Pancit Palabok Ingredients
- 500 grams rice noodles (bihon)
Sauce ingredients :
- 2 tbsp cooking oil
- 1/2 lb ground pork
- 1 tbsp anatto powder
- 3 cups pork broth
- 1 piece shrimp bouillon
- 6 tablespoons all-purpose flour
- 2 tbsp fish sauce
- 1/2 tsp ground black pepper
Topping ingredients :
- 1 cup pork belly (boiled and sliced thinly into small pieces)
- 4 ounces firm tofu (fried and sliced into cubes)
- ½ cup tinapa flakes (smoked fish)
- ½ cup chicharron (pounded)
- 2 hard-boiled eggs (sliced)
- ½ cup cooked shrimp (boiled or steamed)
- 1/4 cup green onion or scallions (finely chopped)
- 3 Tablespoons toasted garlic
- 2 lemons sliced (or 6 pieces calamansi)
Pancit Palabok Cooking Instructions
- Begin by soaking the rice noodles in water for about 15 minutes.
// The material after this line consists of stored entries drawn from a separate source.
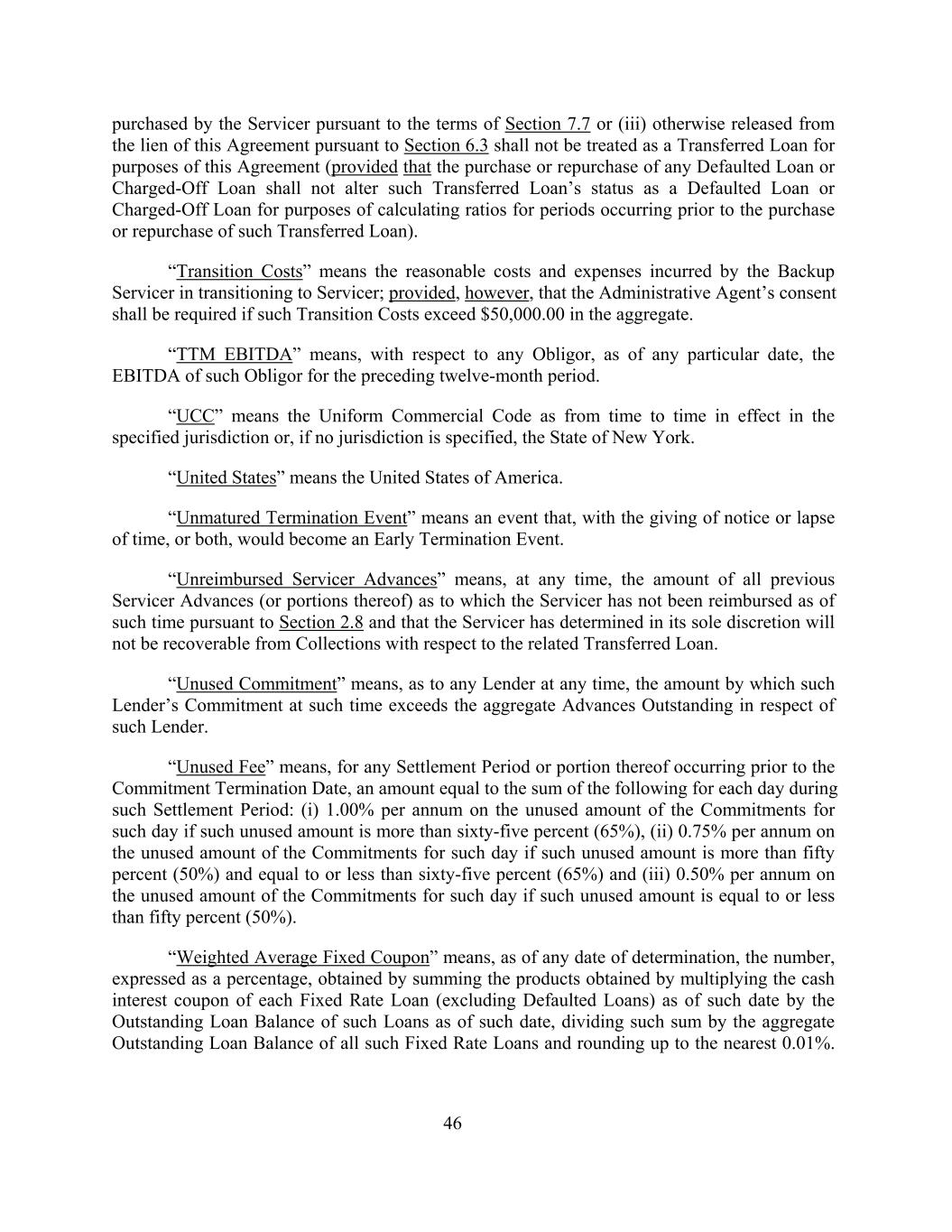 由服务商根据第7.7节的条款购买或(iii)以其他方式根据第6.3节解除本协议的留置权,就本协议而言,不应被视为转让贷款(前提是购买或回购任何违约贷款或已注销贷款不得改变此类转让贷款作为违约贷款或已注销贷款的地位,以便计算在购买或回购此类转让贷款之前发生的期间的比率)。“过渡费用”是指备份服务商在过渡到服务商过程中产生的合理成本和费用;但前提是,如果此类过渡费用总额超过50,000.00美元,则需要行政代理人的同意。“TTM EBITDA”就任何债务人而言,是指截至任何特定日期,该债务人在前十二个月期间的EBITDA。“UCC”是指在指定司法管辖区或(如未指定司法管辖区)纽约州不时生效的统一商法典。“美国”是指美利坚合众国。“未成熟终止事件”是指随着通知的发出或时间的推移,或两者兼而有之,将成为提前终止事件的事件。“未偿还的服务商垫款”是指,在任何时候,截至该时间,根据第2.8节,服务商尚未得到偿还的所有先前的服务商垫款(或其部分)的金额,并且该服务商已自行决定将无法从相关转让贷款的收款中收回。“未使用承诺”是指,对于任何贷款人在任何时候,该贷款人在该时间的承诺超过该贷款人的未偿还预付款总额的金额。“未使用费用”是指,对于在承诺终止日期之前发生的任何结算期或其部分,在该结算期内每一天的金额等于以下各项之和的金额:(i)如果该未使用金额超过百分之六十五(65%),则在该日的承诺未使用金额上每年收取1.00%,(ii)如该等未使用金额超过百分之五十(50%)且等于或少于百分之六十五(65%),则按该等日的承诺未使用金额每年0.75%;如该等未使用金额等于或少于百分之五十(50%),则按该等日的承诺未使用金额每年0.50%。“加权平均固定息票”是指,截至任何确定日期,通过将截至该日期的每笔固定利率贷款(不包括违约贷款)的现金息票乘以截至该日期该等贷款的未偿还贷款余额,再除以所有该等固定利率贷款的未偿还贷款余额总和并四舍五入至最接近的0.01%所得的数量,以百分比表示。46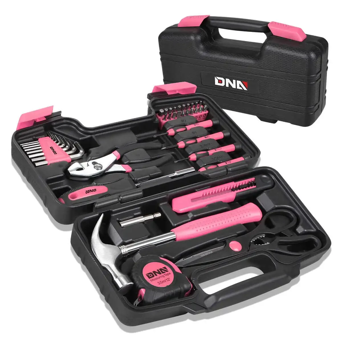 DNA Motoring Tools-00009 Pushti 39 qismli ko'chma qo'l asboblari to'plami uyda, ofisda yoki garajda kerak bo'lishi mumkin bo'lgan asosiy qo'l asboblarini o'z ichiga oladi. To'plamning pushti rangi uni boshqa asboblar to'plamidan ajratib turadi va osongina tanib olish imkonini beradi. Asboblarning tartibli saqlanishini ta'minlaydigan ABS plastik korpusi to'plamning ko'chma ekanligini oshiradi. Ushbu to'plam kichik ta'mirlash ishlari, mebel yig'ish, rasm osish va boshqa ko'plab vazifalar uchun idealdir.
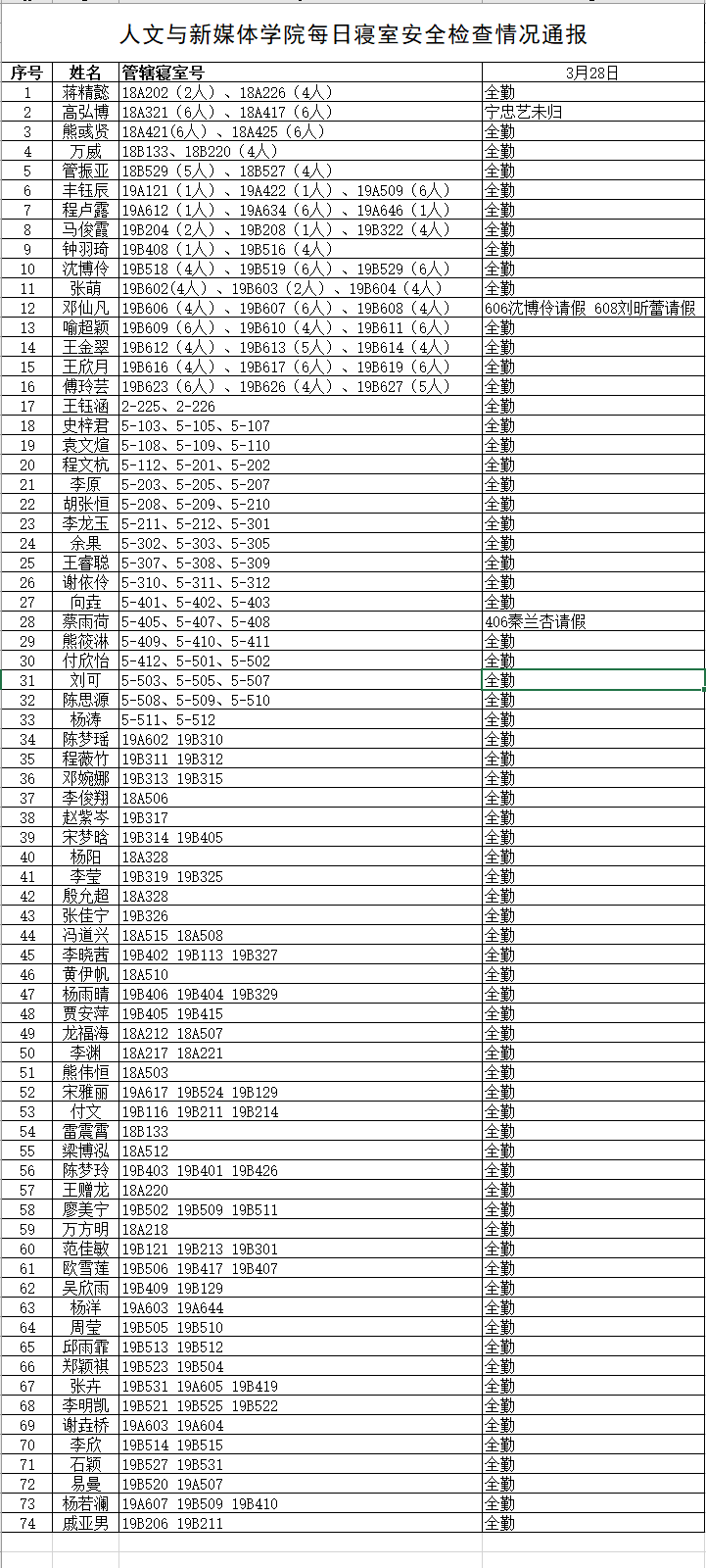 3月28日,公司组织员工干部对18、19级的宿舍进行每日寝室安全检查,现将考勤结果公布如下: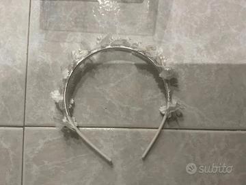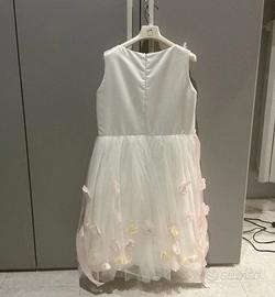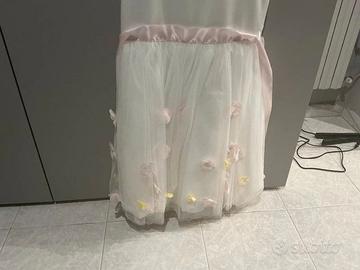 Delizioso vestito elegante per bambina, perfetto per cerimonie, battesimi, comunioni o occasioni speciali. Colore bianco con dettagli floreali in rilievo rosa e giallo sulla gonna in tulle, cintura in raso rosa con fiocco laterale e applicazioni floreali sulla spalla. Incluso anche cerchietto coordinato con decorazioni floreali.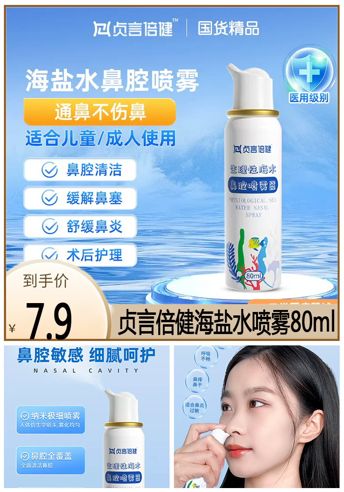 【券后价:7.9元】 【贞言倍健】海盐水喷雾80ml
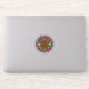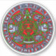 Hispanic tribal Mexican Aztec calendar sundial or sun stone. This sticker design features a colourized version of the famous classic pre-colombian sunstone. This custom cut vinyl sticker is waterproof. The sun stone is perhaps the most famous of all Mexican sculptures. The original monolithic stone was carved by the Mexica people at the close of the Mesoamerican Postclassic Period. Despite the fact that the exact date of the sun stone's construction has never been determined, the identifying glyph of the Aztec king Moctezuma II, at the centre of the disc, indicates that the monument dates to his ruling period from 1502 and 1520.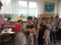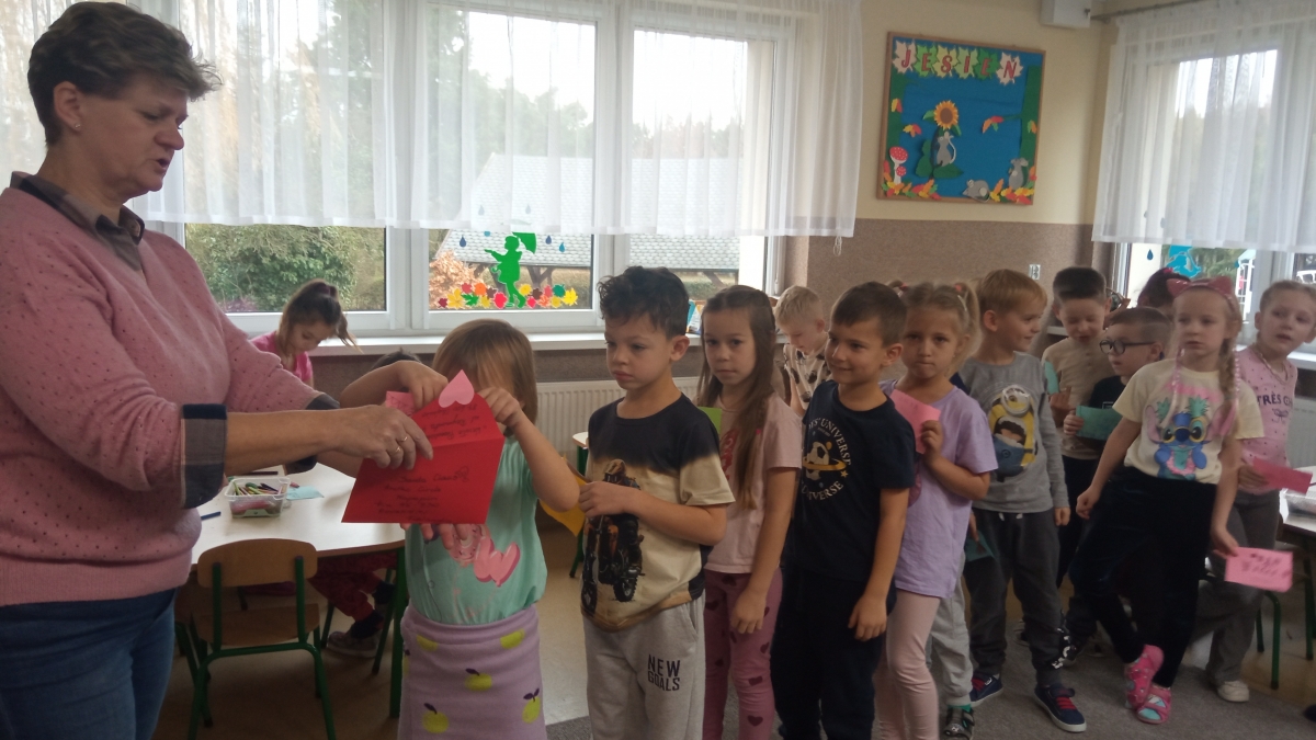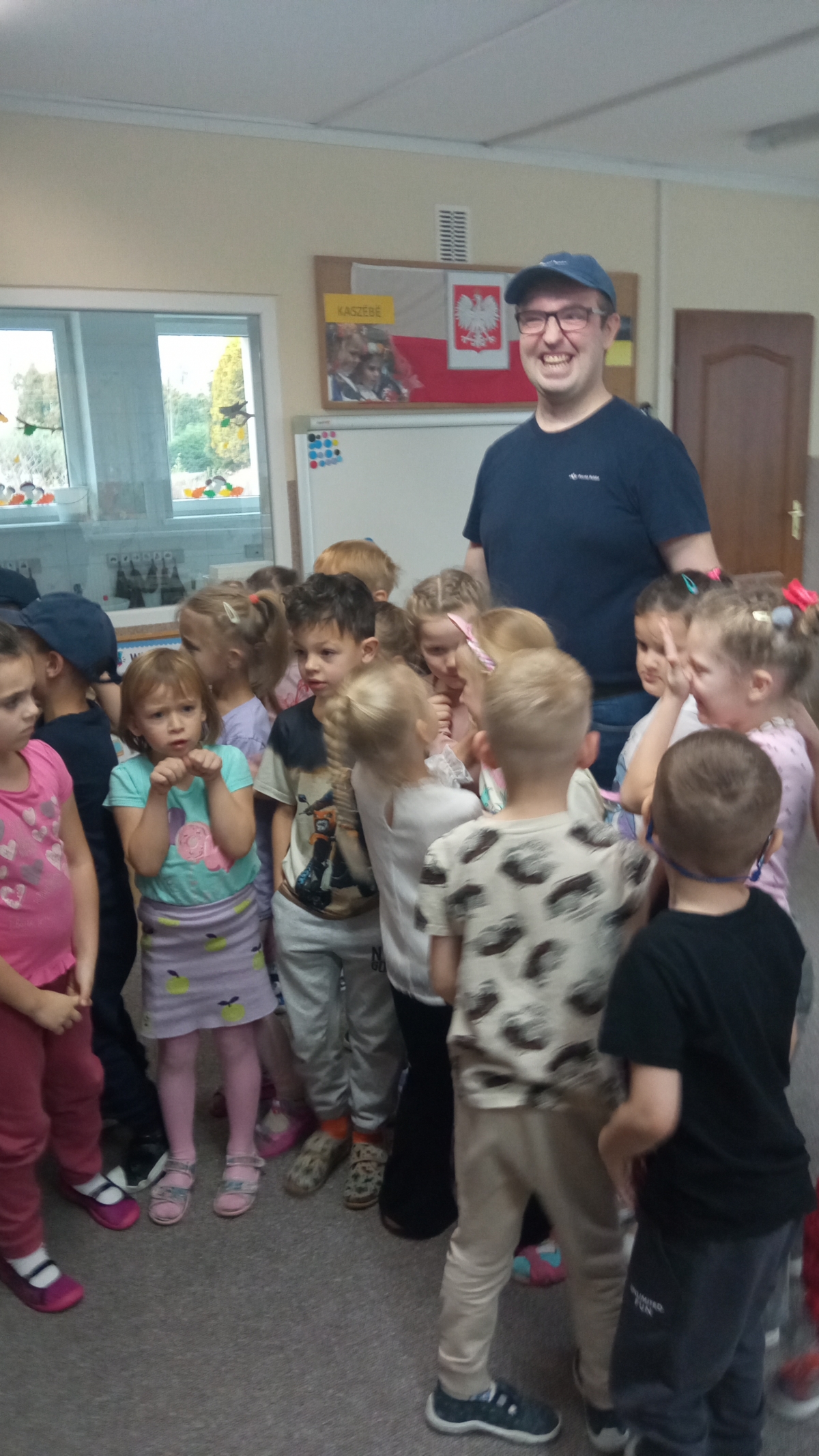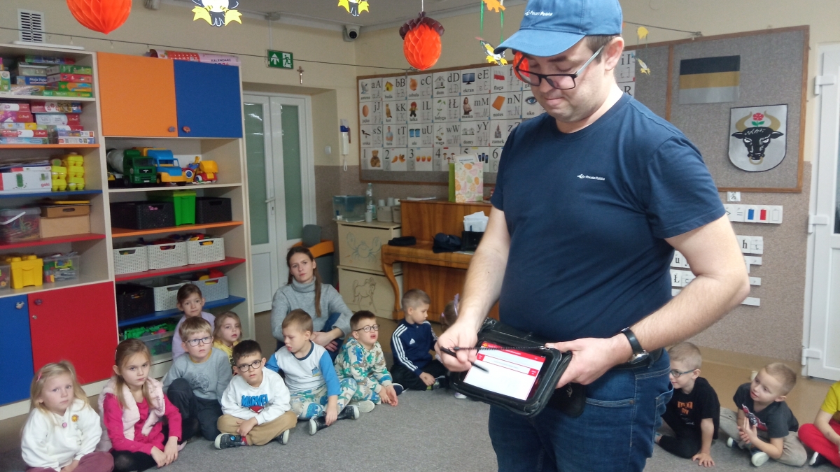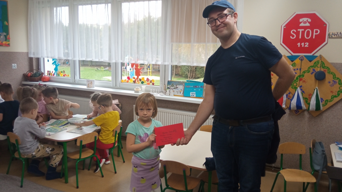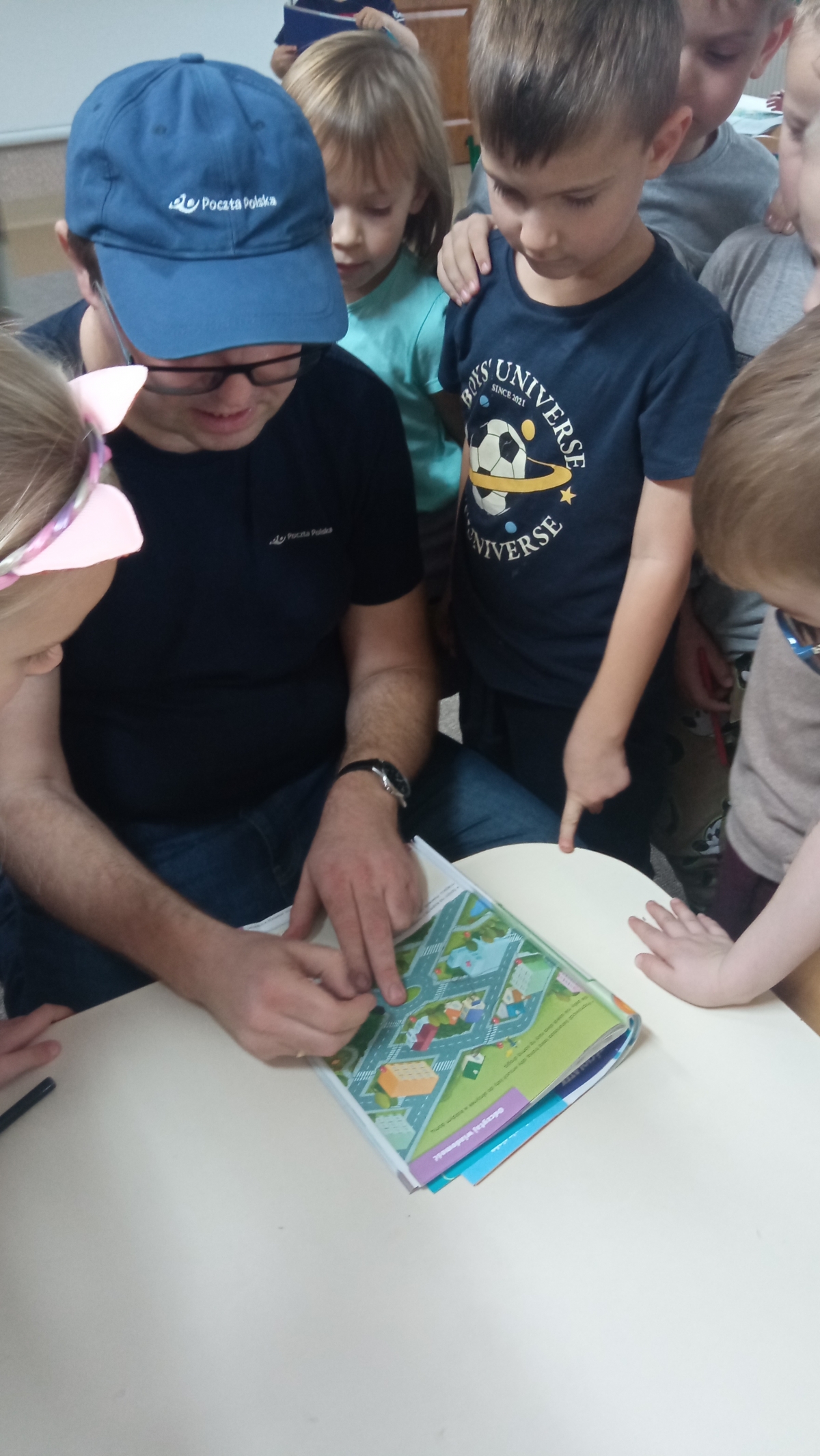 Dzisiaj przedszkole nasze odwiedził pracownik Urzędu Pocztowego w Chojnicach - Pan Mateusz. Zaprezentował dzieciom strój listonosza i logo poczty umieszczone na czapce. Następnie nasz gość opowiedział na czym polega praca listonosza, kto to jest nadawca, adresat, co to jest list polecony i wiele innych ciekawostek. Duże zainteresowanie wzbudziła ogromna torba, w której były listy. Każde dziecko mogło przymierzyć czapkę oraz torbę listonosza. Na zakończenie spotkania panu Mateuszowi dzieci przekazały list do świętego Mikołaja, który przygotowały wcześniej na zajęciach.

After soaking, drain the noodles and set them aside for later use.
- Heat a saucepan over medium heat and add cooking oil until it becomes hot.
- Once the oil is ready, add ground pork to the saucepan and cook for approximately 5 to 7 minutes until it is browned.
- If using annatto powder, dilute it in pork broth before pouring it into the saucepan. If using annatto seeds, soak them in 3 tablespoons of water to extract the color, then add to the broth. Bring the mixture to a boil.
- Add a shrimp cube to the sauce, stirring to combine, and allow it to simmer for 3 minutes.
- Gradually add flour to the sauce while continuously stirring to avoid lumps.
- Incorporate fish sauce and ground black pepper, then continue to simmer until the sauce thickens. Set the sauce aside once completed.
- In a separate pot, bring enough water to a boil.
- Use a metal or bamboo strainer to hold the soaked noodles, and submerge it in the boiling water for about one minute or until the noodles are firm but cooked.
- Remove the strainer from the pot and drain any excess water from the noodles.
- Place the cooked noodles on a serving plate. Pour the prepared sauce over the noodles and arrange your preferred toppings on top. For added flavor, serve with a slice of lemon or calamansi.
Pancit Palabok Nutritional Info
Serving: 6
- Calories: 679kcal (34%)
- Carbohydrates: 81g (27%)
- Protein: 27g (54%)
- Fat: 26g (40%)
- Saturated Fat: 8g (40%)
- Polyunsaturated Fat: 4g
- Monounsaturated Fat: 12g
- Trans Fat: 1g
- Cholesterol: 132mg (44%)
- Sodium: 1174mg (49%)
- Potassium: 528mg (15%)
- Fiber: 3g (12%)
- Sugar: 1g (1%)
- Vitamin A: 184IU (4%)
- Vitamin C: 29mg (35%)
- Calcium: 88mg (9%)
- Iron: 3mg (17%)
FAQ’s
Conclusion
Pancit Palabok is a renowned Filipino noodle dish noted for its rich shrimp sauce, bihon noodles, and toppings such as shrimp, chicharrón, and tinapa flakes. While similar to Pancit Malabon, its distinct preparation and noodle types set it apart. Preparing Pancit Palabok at home allows for customization and a greater appreciation of its flavors. This dish is a staple in Filipino cuisine, enjoyed during celebrations and daily meals, and it embodies significant cultural importance.